Wednesday, September 23, 2015

Train Wreck

You are fearfully & wonderfully made- Psalm 139:14



We've all had those moments in time that are awesome and those that we are defeated.  This week finds me barreling down in defeat ready to crash and burn.  I feel like a "train wreck" that is going to inevitably happen.  I just don't know when.

I've been walking in faith & confidence with the Lord since my January diagnosis of ovarian cancer.  It was only stage one, one.  They caught it early on.  And, the grapefruit sized mass that burst as they were trying to get it out that had cancer cells?  Well, I've walked on faith and confidence that God was going to extinguish those cells.  In the past month I've found that I've got pre-cancerous cells in my intestines, probs with my bladder, and need another mammogram.  My insurance company won't cover some of my newbie meds I'm on....they changed their formulary. And, the cost of our insurance has doubled this spring. If  I'm honest most days I have times where I've got fear that runs through me. 

Last week & this one have been particularly rough.  I walked in faith and confidence when I told them at the Cancer Institute I couldn't pay the $150 for the mammogram but I could do it in two weeks. I cancelled last week's mammogram because I needed the money to pay for brakes on the jeep. I walked in faith and confidence when I looked at our bank account and realized that it was either the mortgage or my meds.  And, neither has been done.  I just can't seem to push the button on which to do.

This morning I don't feel great physically or spiritually.  I'm being trampled on.  And, I had this convo with God ; "You've got to see me through this. Every fiber of my being is screaming.  I don't have the time, money, or know how to make it all work.  I just want to feel better and walk in faith and confidence, Lord.  Why is it so hard?".  I was reminded of Psalm 139:14 "You are fearfully and wonderfully made". 

That caused me to sit back and cry even more.  Fear surrounds me and God is telling me how wonderful I am? Shoot, I've got fear of not making financial commitments.  Fear of not being able to afford to take care of my health.  Fear of not doing it all right.  Geez, Lord, I don't want to crash and burn.  I don't want to be reliant on others, I don't want to confide in others to bear my hurt, and I don't want to....and I stopped.  All those are the same don't want to's from last fall that I had, the same reservations. God seems to be laying on my heart to confide in others, ask for some help, and to cease  crying.  He wants me to walk in faith and confidence with others.

This week  I've had a person a day walk into my life that has been through cancer.  How weird is that?  They are strong, capable, and gave me some contacts to call.  They also told me to be my best advocate rather than my worst and challenged my walk in faith and confidence.  One of them told me, "I get walking with faith and confidence with the Lord. He designed you and I differently, Sherry, we've got cancer.  But we are smart and can be our best advocates and that is why you are walking this walk with God.  He wants you to fight, Sherry.  Make some calls, demand you get your meds, demand treatment, and tell them to bill you".
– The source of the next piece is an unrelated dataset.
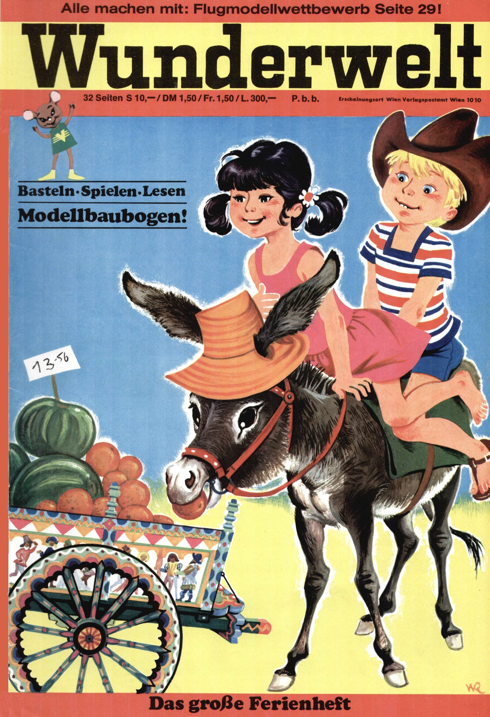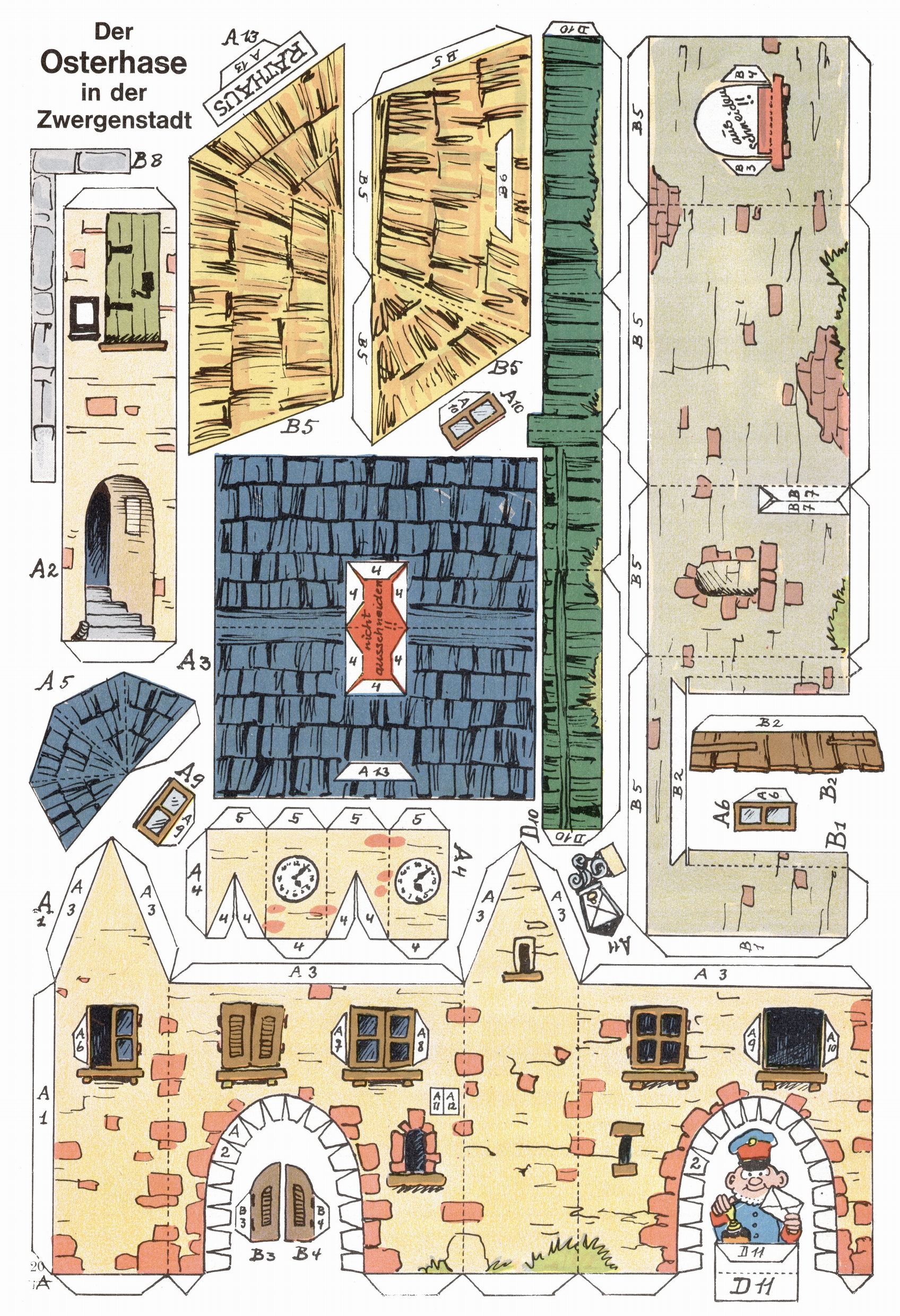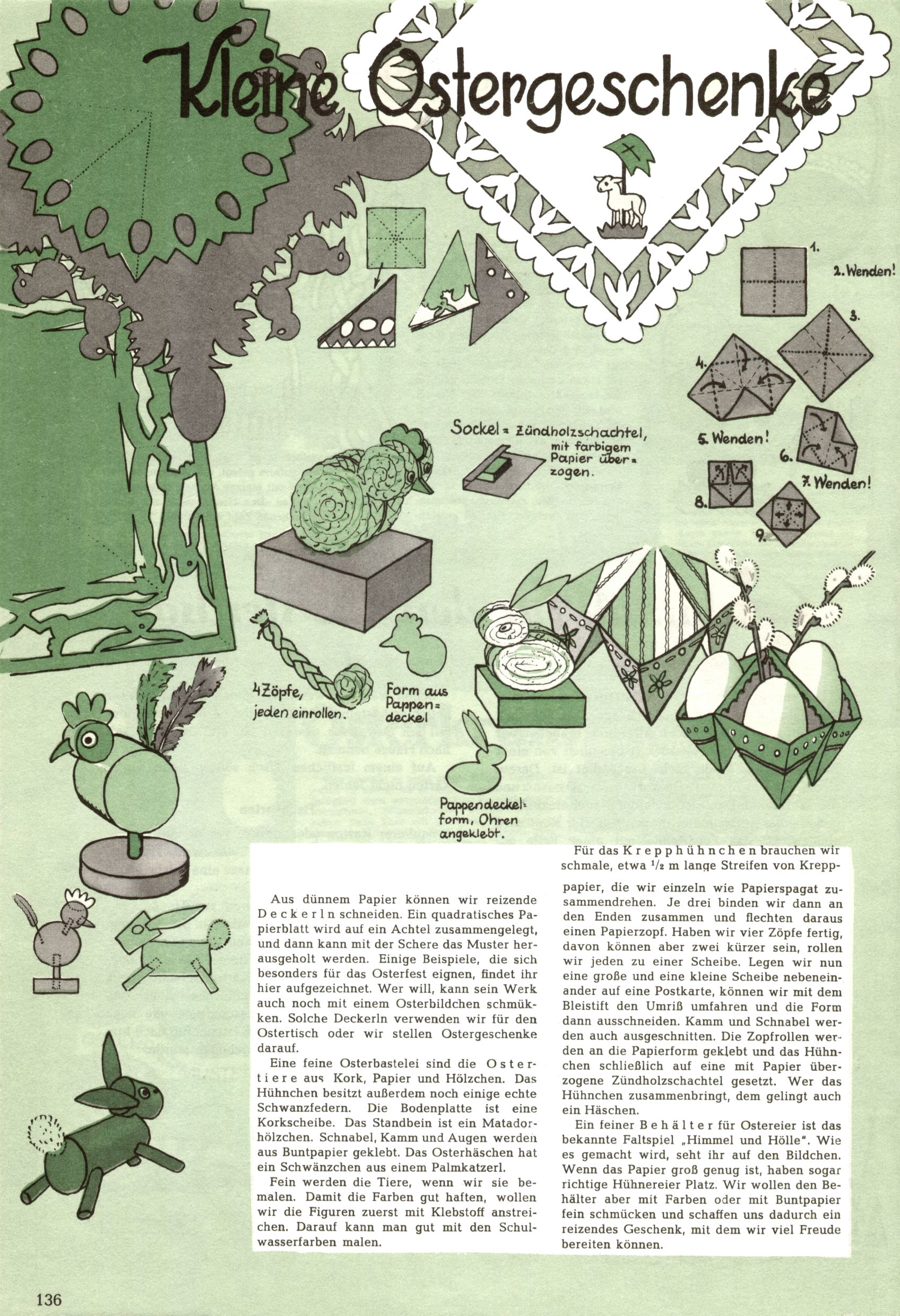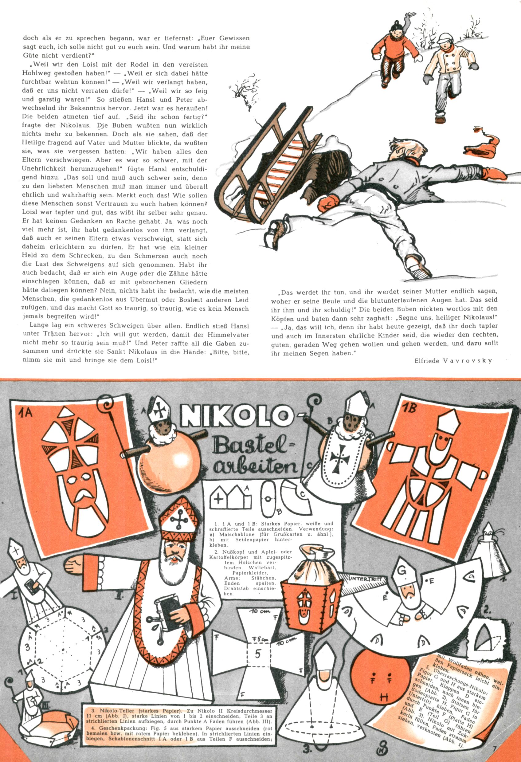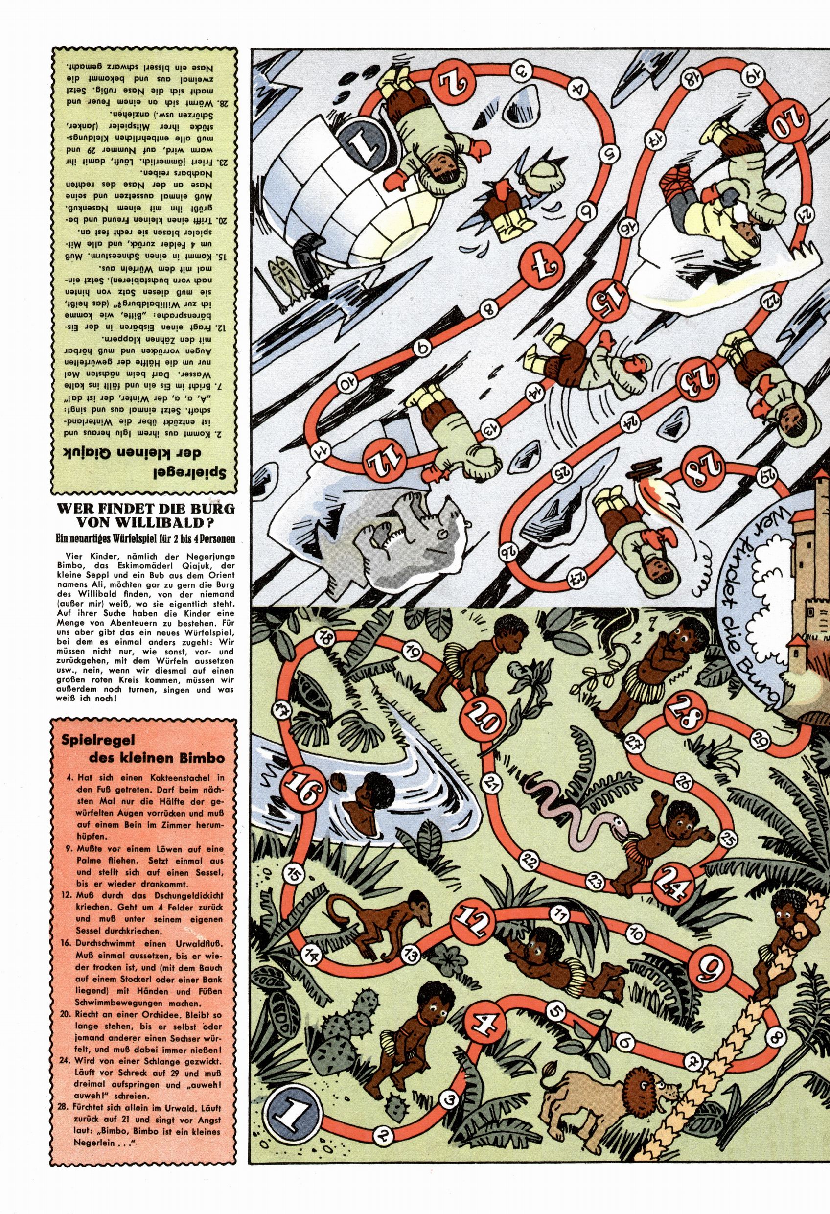 Die Wunderwelt im Festtagsgewand In den Sonderheften präsentierte sich die Wunderwelt wahrhaftig in Feiertagsstimmung. Mit wenigen Ausnahmen gab es pro Jahr drei Sonderhefte - zu Weihnachten bzw. im Advent, zu Ostern und in den Ferien im Sommer. Experimente mit Faschings- und Muttertagsheften hatten sich nicht bewährt. Selbst als es die Einzelhefte in der Krisensituation nach 1967 nicht mehr gab, wurde die Wunderwelt-Zeitung im Layout der Sonderhefte fortgesetzt: Zunächst mit 3 bis 5 und ab 1971 immerhin wieder mit 10-12 Heften pro Jahr. Die Weihnachts-, Oster- und Ferienhefte hatten naturgemäß verschiedene Schwerpunkte. Während im Sommer Spielen und Werken mit Material im Vordergrund stand, waren es zu Weihnachten Krippen und Adventhäuser; zu Ostern dann Erzählungen, Hasenstädte und Oster-Basteleien. Das bessere Papier der Sonderhefte erleichterte das Ausschneiden der insgesamt mehr als 1000 Papiermodelle erheblich. Die Sonderhefte waren vergleichsweise aufwändig gestaltet, aber auch ein wichtiges Zusatzgeschäft für die Zeitung. Die Kinder fieberten dem Erscheinungsdatum der jeweiligen Ausgabe nicht selten richtiggehend entgegen. Mit knapp 100 Seiten pro Jahr machten die Sonderhefte von der Menge her zwar nicht einmal ein Viertel aus, trugen aber zum Erscheinungsbild mindestens genauso viel bei wie die Standardhefte. Im Wesentlichen blieb das Layout der Sonderhefte über die Jahre hin unverändert. Mühselig wurde es, als man den Inhalt der Beiträge vorübergehend auf die Seiten gleichmäßig verteilte und die Kinder ermunterte, die Hefte in der Mitte zu zerschneiden. Die eine Hälfte enthielt dann etwa Erzählungen und Bastelvorschläge, der andere Teil der Zeitung Spielanleitungen. Zur übersichtlichkeit trugen diese Layoutversuche jedenfalls in keiner Weise bei und als besonderen Auswuchs gab es eine Zeitlang auf einer Seite oft mehrere Seitennummern, je nachdem, ob sich diese auf das Gesamtheft oder den herauszunehmenden und zu zerschneidenden Heftteil bezogen. Gegen Ende der 1950er Jahre kehrte man wieder zu einem ganzseitigen Layout zurück und Ideen wie ein Spiel-(Heft-im-)Heft gehörten der Vergangenheit an. In den Sonderheften experimentierte man dann noch ab Mitte der 1960er Jahre, als die Verkaufszahlen stark rückläufig waren, mit grundsätzlich neuen Darstellungsformen - weg vom Niedlich-Kitschigen und engagierte neue Grafikerinnen wie Gundi Groh und Hella Soyka. Den erhofften Erfolg brachte dies jedoch nicht mehr. |

Ok, true confession.  I don't go around telling people I was diagnosed with ovarian cancer.  I don't tell them about the grapefruit sized cyst that burst with cancer cells going all over my body. I don't say that my spring mammogram had small cysts that they are watching.  I don't say my insurance doubled this spring and I couldn't afford to go to the cancer doc or get blood draws this summer because of it.  I don't talk about it because I've relied simply on God to know.  My own fam doesn't know the fear that I've got or frustration. 

Yeah, I'm smart & capable of making some calls to try to push to get some help but I if I say the word cancer I've got to admit it's there. That's a hard one.  I'd like to think it is gone because the ovaries and small cysts are gone.  But then there was the large mass that burst with the cancer cells that float throughout my body.  That is a hard one and my challenge this week.  Instead of forget about it and go on I need to  make some calls and get the ball rolling.Find out how I can get some help to afford my meds & mammogram.  I want to be the Sherry that God designed as "fearfully & wonderfully made".  Not the "train wreck" that cries each morning once her fam leaves the house.  Not the "train wreck" that gives it up to God each morning and night and then goes on and does nothing to help herself.

I'm praying this week that you take on the "train wreck" in your own world.  Whether that is calling the bill that hasn't been paid, making a doctor's appointment, or handling a situation with a co-worker.  We've all got potential "train wrecks" in our world.  I believe that we walk in faith & confidence in the Lord .  Because of that he created each of us smart & capable.  We are able to make calls, talk to people, and handle things in our lives that aren't perfect.  It's not fun or easy but he created us capable. I want to be walking proof of that.  This week I encourage all of you to get out there and do that same. Let's be walking proof that we are "fearfully & wonderfully made".

Peace be with you - Sherry

**I'm asking each of you prayer for my faith and confidence in the Lord today as I start making calls.  Allow me to have composure and articulate what my needs are. Allow me to find people that can help or direct my path.  And, that I feel like I'm "fearfully & wonderfully made" at the end of the day rather than a "train wreck".  Know I will be praying the same over my readers.  Peace be with you.